Having met Silke originally in San Cristobal de las casa, Mexico and spent the last few weeks with her and her family in Belgium, we had grown close. Her and I share the same deep underlying feelings for a sense of freedom in a world that can feel scripted, disconnected from what we believe brings meaning in life. In a world where the makings of success gravitate to having the big job, the fancy car, the biggest house, it can be hard to find others who resist and subscribe to chasing just what feels right. It’s this pursuit that allowed us to find each other and sadly what takes us away too.
This time it’s different though. It’s not me packing my bike, checking I haven’t forgotten anything, overcoming those feelings that I am sure I have before final hugs and setting off. Instead, it’s her departing on a flight across the world and I’m the one that stays. It’s a rather sober reminder that although you don’t want it to end you do. It’s the end of one period in life that allows the next to begin and eventually bloom into something hopefully special and memorable. It’s the circle of life, the birth and eventual death of the moments we seek where we feel alive. The memories are what live on.

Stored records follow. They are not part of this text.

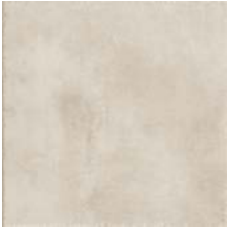
cod. 0028586 Ivoire MQ/183 60x60 - 24"x24" BOX/04 cod. 0028628 Ivoire Rett. MQ/187 60x60 - 24"x24" BOX/04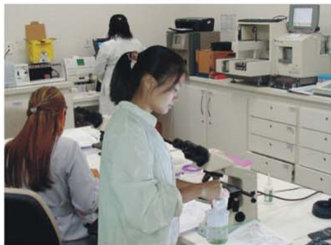
▲ 质量控制及研发中心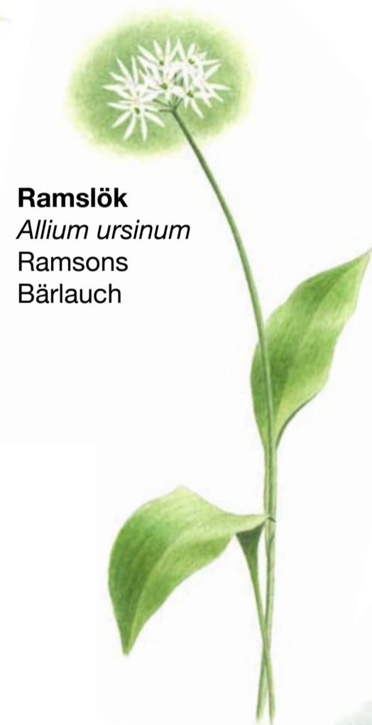
Ramslök Allium ursinum Ramsons Bärlauch

Många spännande växter och djur lever i skogarna runt Gyllebosjön.

More than a sober awakening, it’s an uncomfortable reminder of what you put others through every time you depart. To seek adventure, to do just what feels right. It’s quite a selfish act really, to wittingly or not hold the power cards that decide when the music stops and you leave. For family, it can be a very extended period of time lasting for years before you return. For some friends you make on the road, you deep down know you’ll likely never cross paths again. It’s with these uncomfortable feelings on my mind that I prepare for my very own departure.